Energy Blog

New Oil & Gas Boom Paradigm: Reviving the Conventional




The growing importance of the application of horizontal wells and hydraulic fracturing to boost recoveries from tight and under-performing conventional reservoirs is exemplified by a recently announced group development project in the Powder River Basin. The Unconventional Oil and Gas revolution in North America created a new boom for North American energy supplies which was driven by application of new technology Horizontal drilling and hydraulic fracturing are the most cited technological keys for unlocking commercial oil production from tight rocks. The new oil and gas boom also has changed the conventional oil and gas playing field. Today we are seeing legacy asset revivals in many areas of North America, including the Permian Basin, the Anadarko Basin, the Powder River Basin and other oil and gas rich basins. The key components of this conventional revival are the “unconventional technologies” cited which are now being used to unlock the “not so tight” conventional rocks. Other key enablers include increased operational efficiency, leveraging and capitalizing on in-place infrastructure and the benefits of working in areas of historic production with communities that understand the industry. Companies are reevaluating legacy reservoirs from top to bottom and expanding the use of traditional borehole data plus reservoir analytical modeling tools to recover left behind and previously uneconomic to produce hydrocarbons. With an average recovery factor of 34% for a conventional oil reservoir, there is plenty of upside potential to improve that recovery factor.

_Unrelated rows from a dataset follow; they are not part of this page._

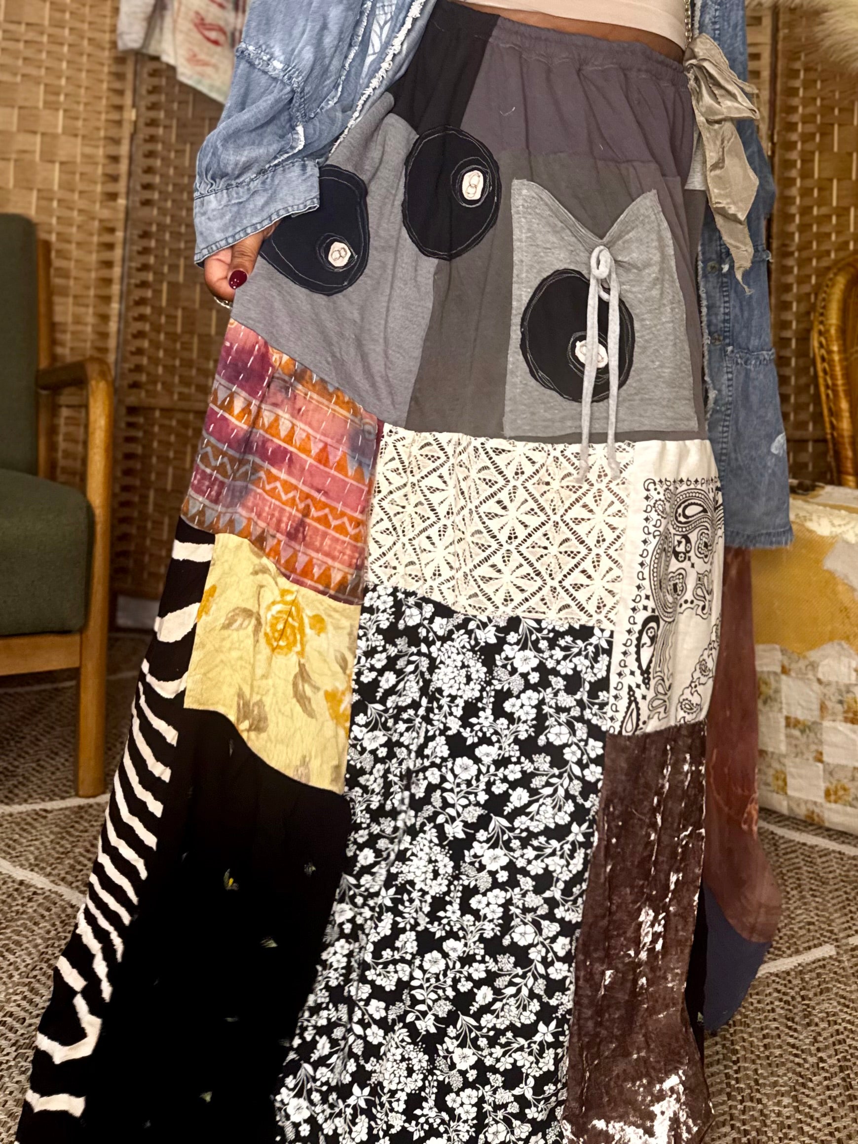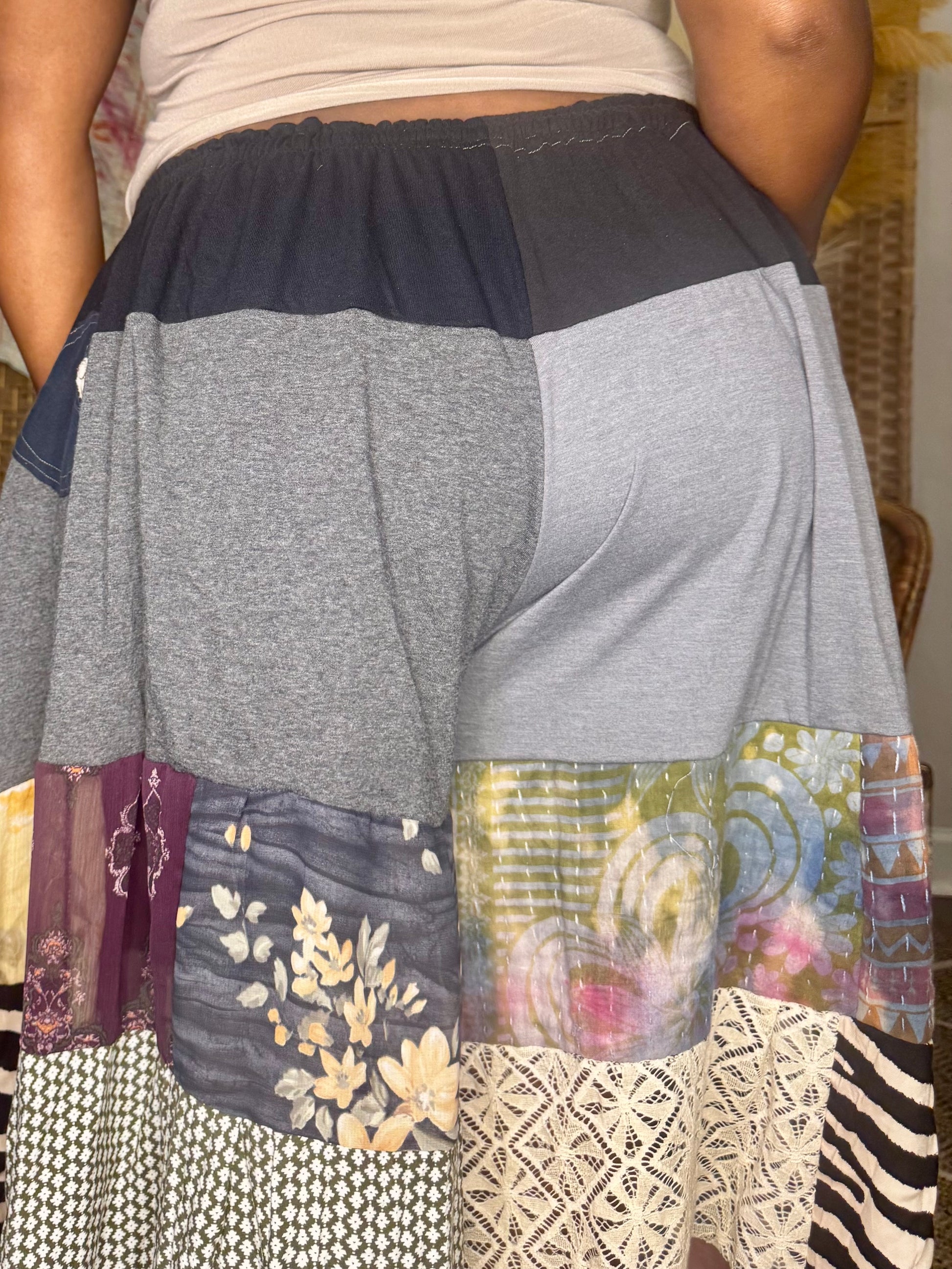 - Double lined tshirt fabric and a mix of fabrics from dresses and skirts.
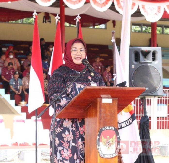 Mbak Yuni dalam sambutanya mengapresiasi KPU Sragen yang telah menggelar pelantikan dan apel Pemilu 2024 ini secara spektakuler. Ia menyampaikan selamat dan harapan kepada PPS yang telah dilantik agar dapat bekerja secara profesional, mempunyai integritas yang tinggi, jujur, adil, serta menjaga netralitas.
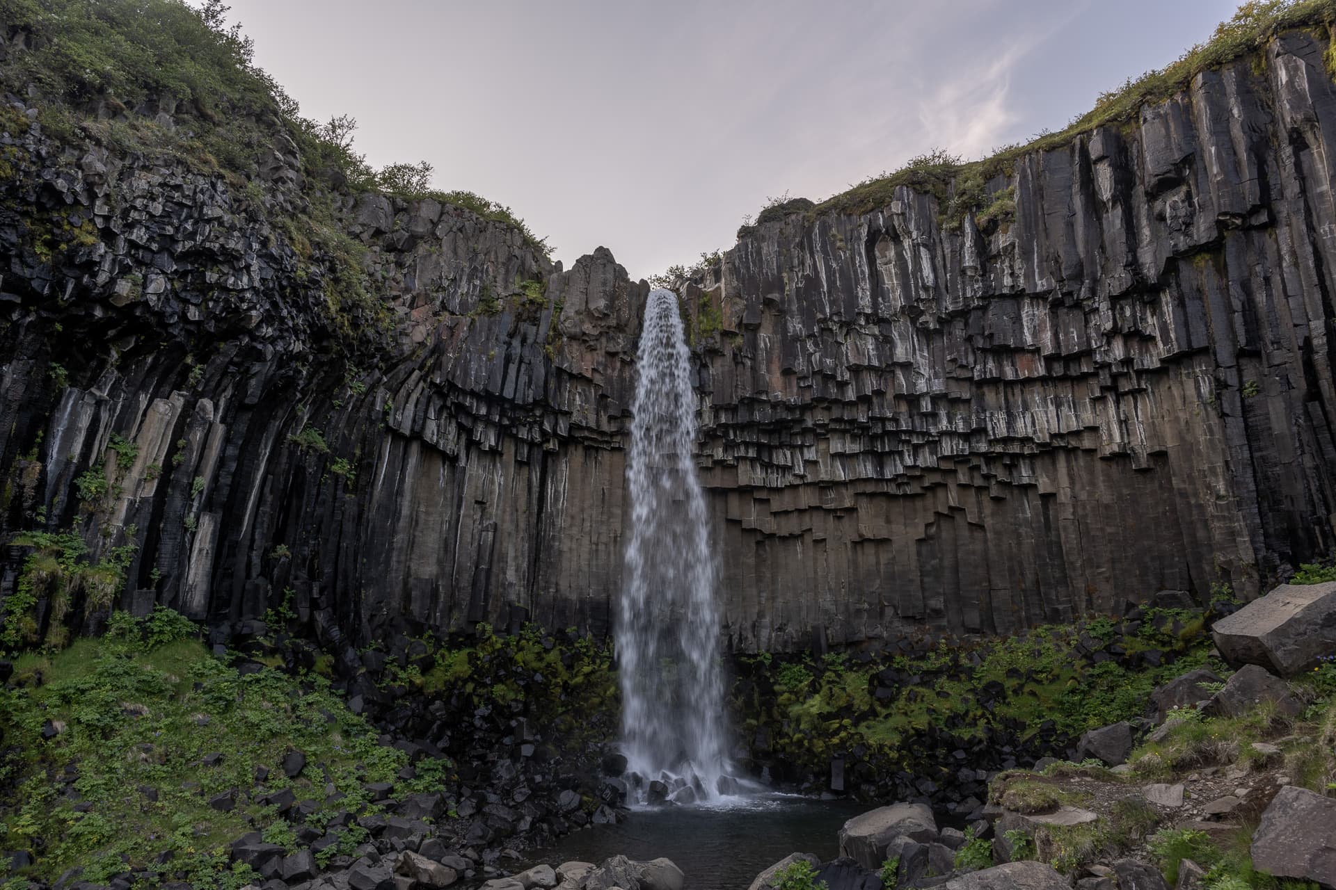 Svartifoss大概是最常出现在冰岛照片中的瀑布之一,但中国游客的数量却不是很匹配,或许是1公里的爬山劝退了大部分打卡游客。我们到时天色比较晚,最佳光线已经过去,随便拍两张完事……
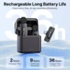 یکی از ویژگیهای مهم این میکروفون، باتری با دوام بالا است که میتواند برای ساعتها کار کند بدون اینکه نیاز به شارژ مجدد داشته باشد. این قابلیت برای کسانی که در پروژههای طولانیمدت یا استریمهای زنده فعالیت میکنند، بسیار مفید است.
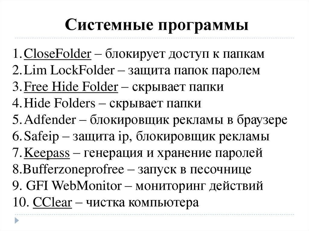 Системные программы1.CloseFolder – блокирует доступ к папкам
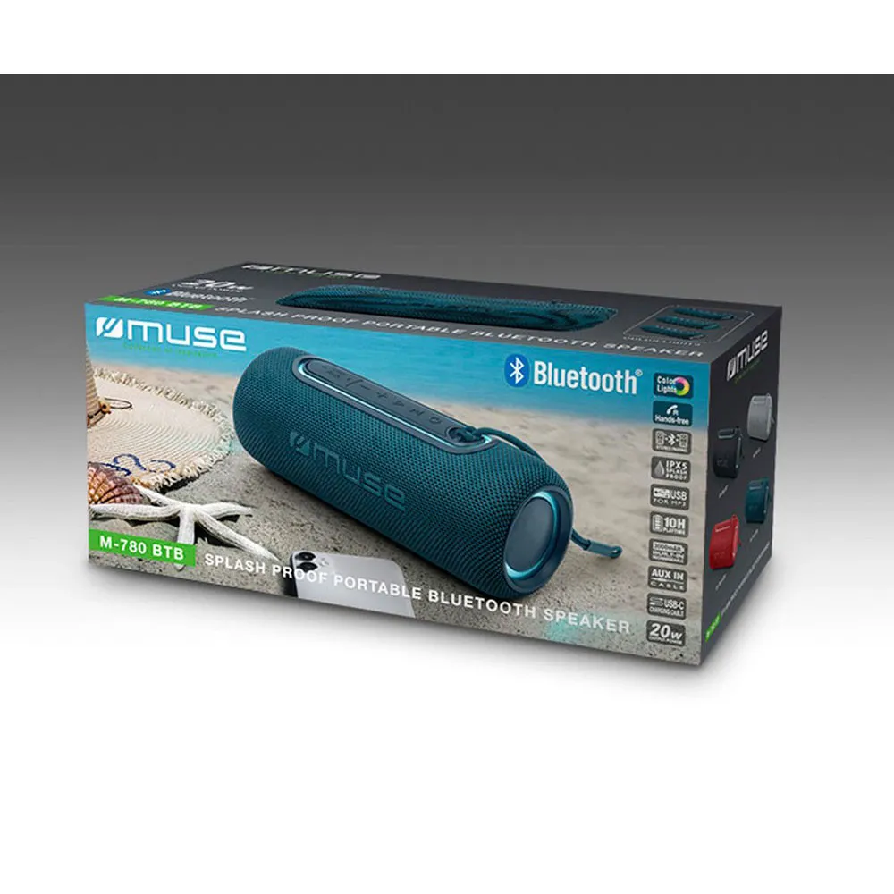 El MUSE Bluetooth Speaker Blue es un dispositivo portátil y duradero con una batería recargable incorporada que ofrece hasta 8 horas de reproducción continua. Además, su diseño ligero y compacto lo hacen perfecto para usar en movimiento, ya sea que quieras disfrutar de la música en la playa, en el parque o durante un viaje por carretera.
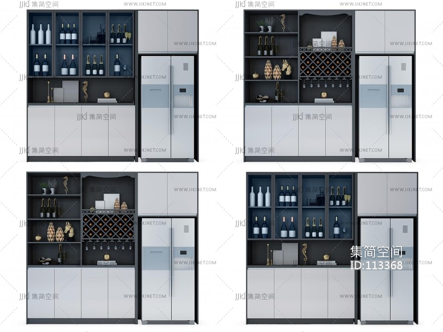 现代酒柜、冰箱、酒瓶 3d模型下载 [模型ID:113368]
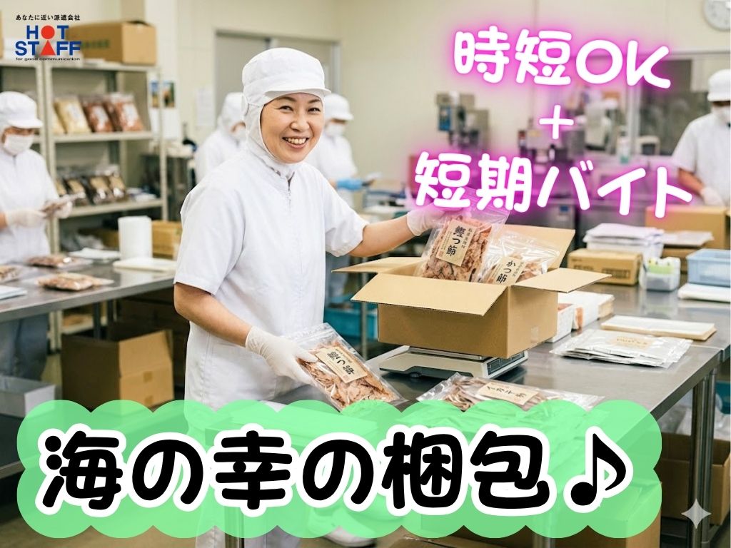 《かつお節やイカの干物の計量&袋詰め♪》5月末までの短期★/実働6時間から時短相談OK/土日祝休み
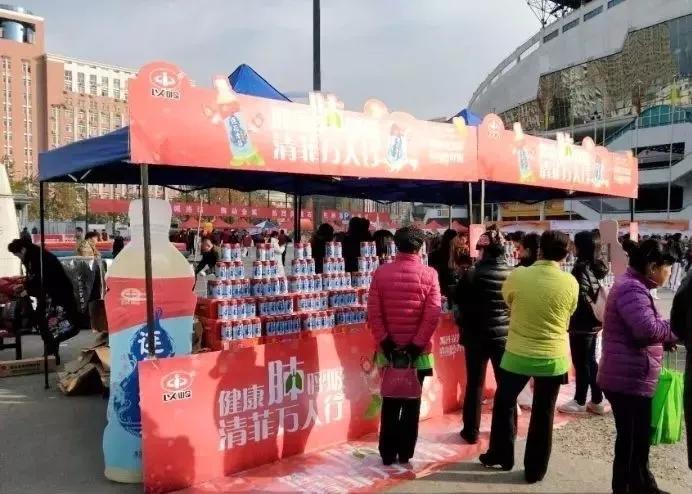 参与活动的市民免费领取连花清菲植物饮料
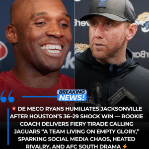đź’Ą DE MECO RYANS HUMILIATES JACKSONVILLE AFTER HOUSTON’S 36–29 SHOCK WIN — Rookie Coach Delivers Fiery Tirade Calling Jaguars “A TEAM LIVING ON EMPTY GLORY,” Sparking Social…

The growing importance of the application of horizontal wells and hydraulic fracturing to boost recoveries from tight and under-performing conventional reservoirs is exemplified by a recently announced group development project in Wyoming’s Powder River Basin. The proposed 5,000 well development project involving seven or eight Cretaceous producing reservoirs in Converse County, Wyoming is the first evidence that emerging tight conventional reservoir developments might rival some of the shale/resource plays.

Anadarko Petroleum Co, Chesapeake Energy Corp, RKI Exploration & Production, EOG Resources, Samson Resources and SM Energy propose to drill approximately 5,000 horizontal oil and gas wells in Converse County, Wyoming in an area encompassing approximately 1.5 million acres over a 10-year period (See Figure 1 Map). The project area’s northern boundary is the Campbell County line. The Operators Group (OG) also represents the interests of other companies within the project area. The U.S. Bureau of Land Management (BLM) published a notice of its intent to prepare an environmental impact statement (EIS) for the Converse County Oil & Gas Project.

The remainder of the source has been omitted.